Consider what Jones accomplished against Johnson from 1999-2000, seasons in which the Unit posted a 2.56 ERA, struck out 711 batters and won two National League Cy Young Awards for the D-backs. Over five games, Jones went 8-for-14 with a double, six homers and eight RBIs. That incredible run of success included two multihomer games exactly a year apart -- Sept. 5, 1999, and Sept. 5, 2000 -- in which Jones also drew a walk and swiped a pair of bases.
On one hand, Martinez struck out Thome 18 times in 51 plate appearances and held him to a .167 batting average (7-for-42). On the other hand, Thome battled for nine walks, slammed four home runs and slugged a stellar .476.
Thome is one of only six players to homer at least four times off Martinez, a group that also includes Hall of Famer Mike Piazza and future Hall of Famer Derek Jeter. The first of those came in Game 1 of the 1998 American League Division Series in Cleveland, and the next came on Aug. 3, 1999, at Fenway Park, amid one of the most dominant pitching seasons in baseball history. Martinez allowed just nine big flies in 213 1/3 innings that year, while going 23-4 with a 2.07 ERA in an offensively charged environment.
Thome also more than held his own against Hall of Famer Greg Maddux, batting .259/.333/.556 over 30 plate appearances.
They first clashed in the 1995 World Series, with Thome going 2-for-6 in the NL Cy Young Award winner's two starts for the Braves. In Game 5, with the Indians fighting to stave off elimination, Thome's go-ahead RBI single off Maddux in the bottom of the sixth inning -- along with his homer off Brad Clontz two frames later -- played a key role in a 5-4 Cleveland victory.
More than a decade later, in 2006, Thome faced Maddux for the final times in a pair of White Sox-Cubs Interleague tilts. Thome went 3-for-5 for the South Siders with a double, a walk and two home runs against the 40-year-old.
During Guerrero's rookie campaign in 1997, Martinez was an Expos teammate and mentor, before his trade to Boston that November.

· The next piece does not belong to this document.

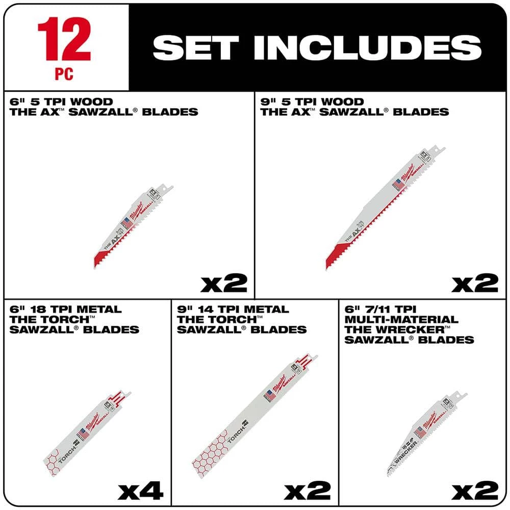 - Includes: four 6 in. 18 TPI the torch blades, two 6 in. 8 TPI the wrecker blades, two 6 in. 5/8 TPI the ax blades, two 9 in. 5/8 TPI the ax blades, two 9 in. 14 TPI the torch blades and 1 storage container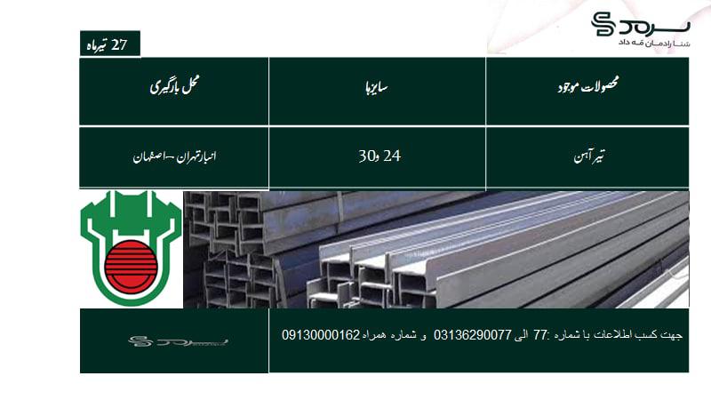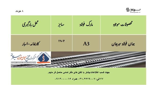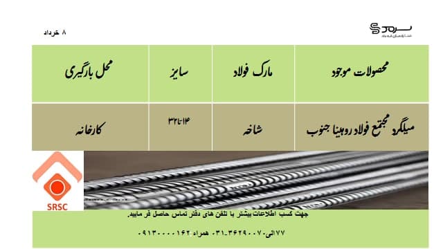 شنبه ١۴٠٠/٠۳/۰۸ 🔅با سلام و روز بخیر🔅 لیست موجودی #میلگرد کارخانه #مجتمع فولاد روهینا جنوب # تحویلی درب کارخانه تلفن تماس :36291454-031

The two didn't go head to head often after that, but when they did, Guerrero had the upper hand, putting up a slash line of .286/.476/.571 in 21 plate appearances.
Vlad made things miserable for Martinez in 2004, his first season with the Angels and Martinez's last with the Red Sox. On June 2 in Anaheim, Guerrero drove in five runs off Martinez with a homer, a double and a sacrifice fly, on his way to a career-high nine RBIs. Then, in Game 2 of the ALDS at Angel Stadium, Guerrero's two-run single against Martinez in the fifth inning gave the Halos a 3-1 lead (Boston later rallied to win).
Meanwhile, Guerrero faced Hall of Famer Tom Glavine more times (75) than any pitcher other than Kevin Millwood over the course of his career, and he tasted no shortage of success. The two faced off in every season from 1996-2003 in the NL East, with Guerrero batting .323/.413/.554 with nine extra-base hits, nine RBIs and 10 walks.
Their second-to-last meeting came with Glavine's Mets visiting Montreal on Sept. 14, 2003. Against the veteran lefty, Guerrero smacked a ringing double in the second inning, lined a single in the fourth and sliced an RBI triple off the right-field wall in the fifth. He added a two-run homer off Dan Wheeler in the seventh, completing the final cycle in Expos history.